◆ **Activity**
For the data below, transcribe the part that opens with the line containing "В ходе вебинара" and closes with the line containing "如果不喜歡大面積的維希格紋,也可以小面積來點綴,比如用一雙鞋子。", exactly and with no pictures.

◆ **Data for this task**
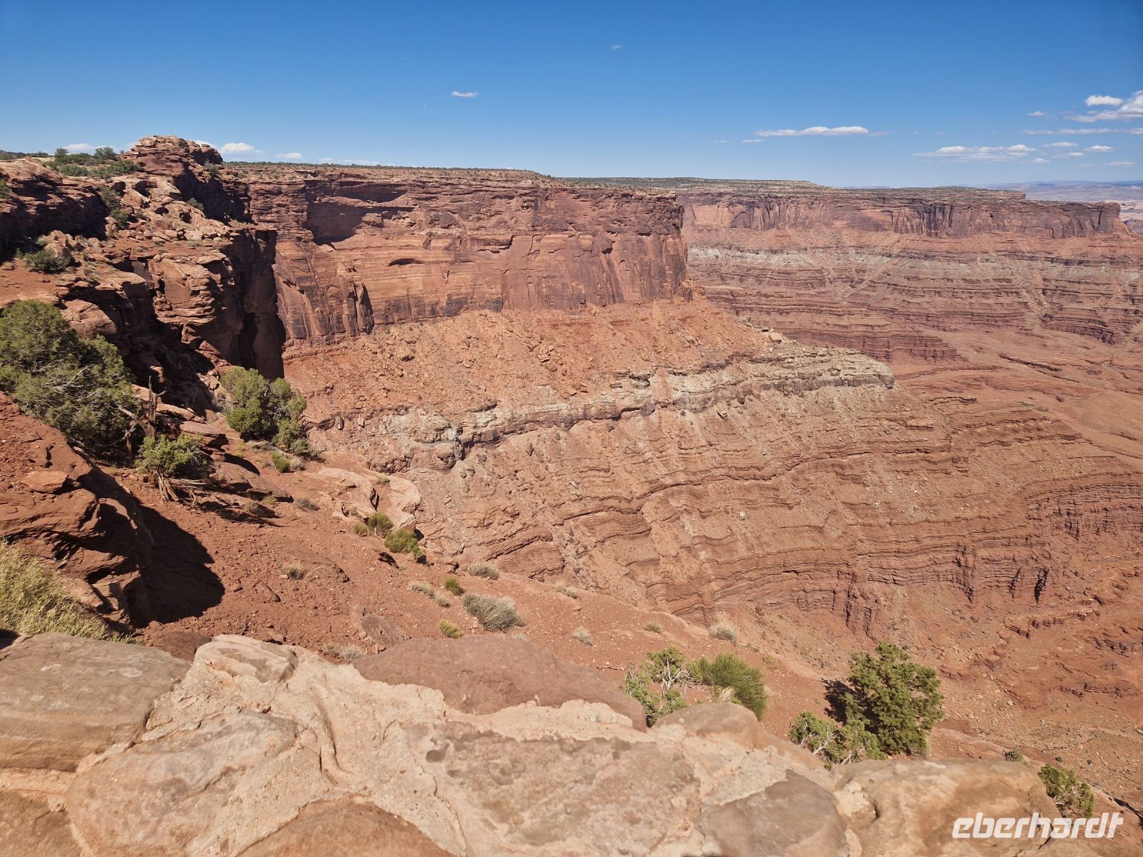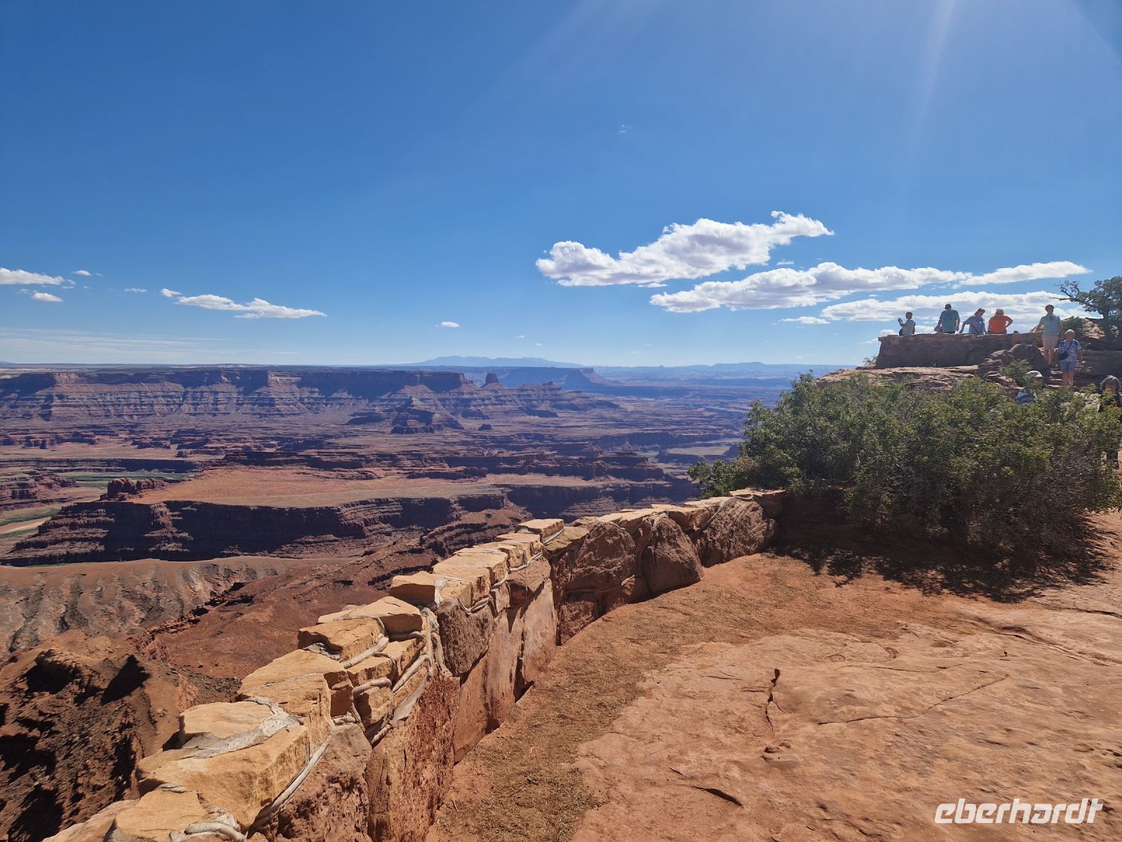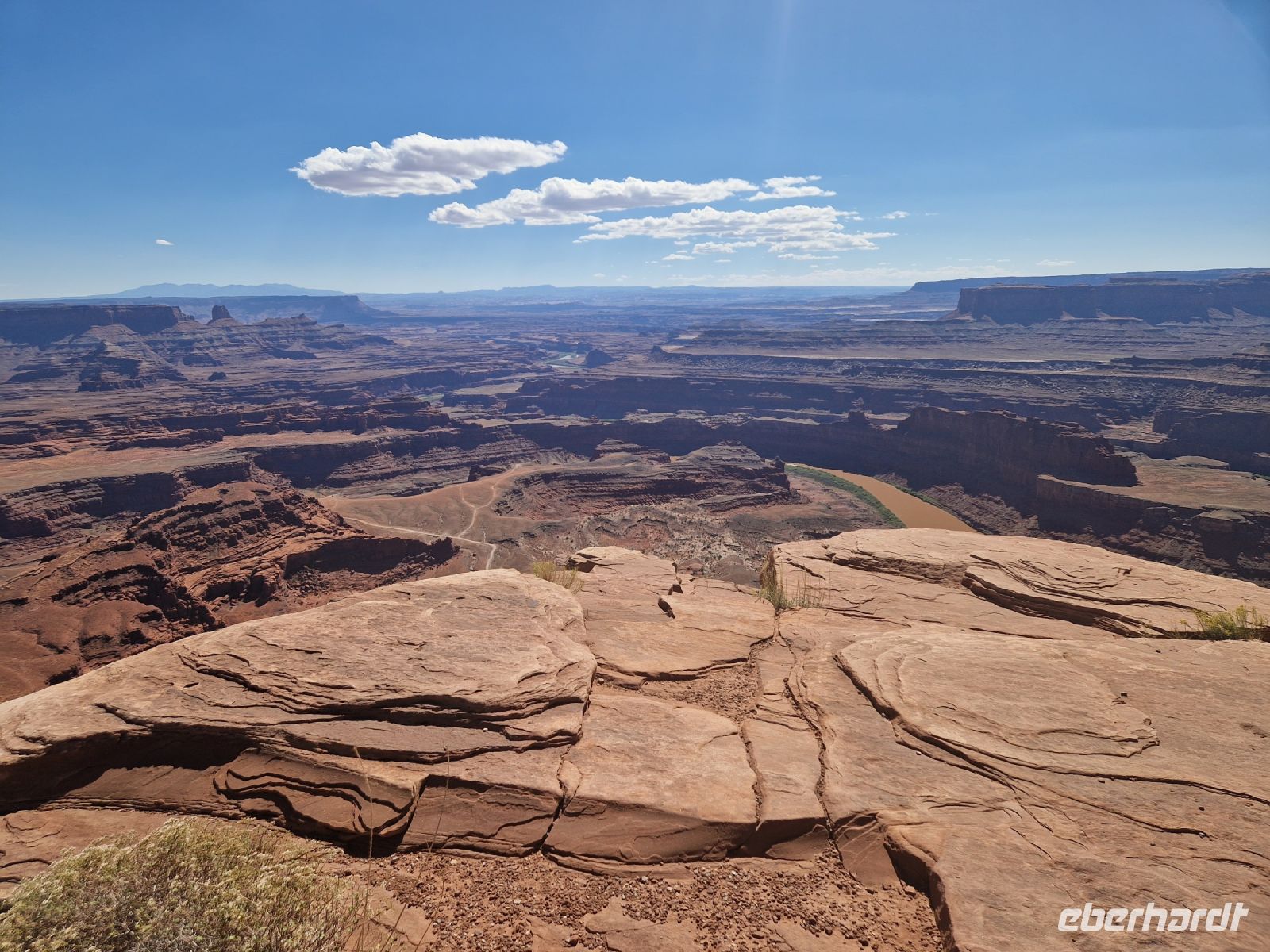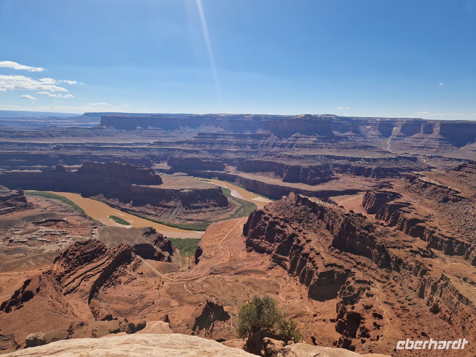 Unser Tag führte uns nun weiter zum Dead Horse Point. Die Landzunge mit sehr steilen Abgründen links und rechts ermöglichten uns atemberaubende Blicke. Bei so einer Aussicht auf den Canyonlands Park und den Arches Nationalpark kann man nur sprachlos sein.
--
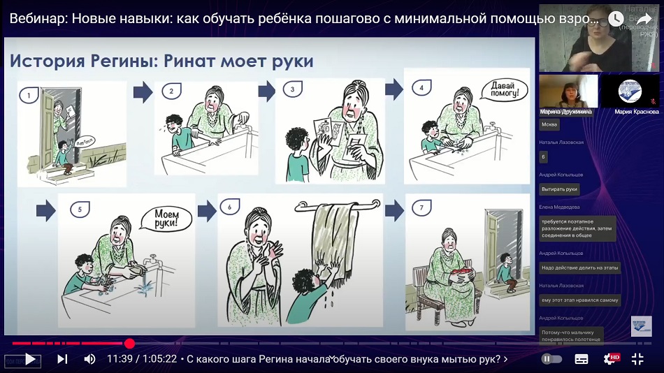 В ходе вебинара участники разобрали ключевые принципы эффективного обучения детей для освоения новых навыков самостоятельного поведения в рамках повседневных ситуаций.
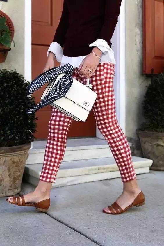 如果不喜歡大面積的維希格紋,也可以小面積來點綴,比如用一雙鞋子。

◆ **Reply**
 В ходе вебинара участники разобрали ключевые принципы эффективного обучения детей для освоения новых навыков самостоятельного поведения в рамках повседневных ситуаций.
 如果不喜歡大面積的維希格紋,也可以小面積來點綴,比如用一雙鞋子。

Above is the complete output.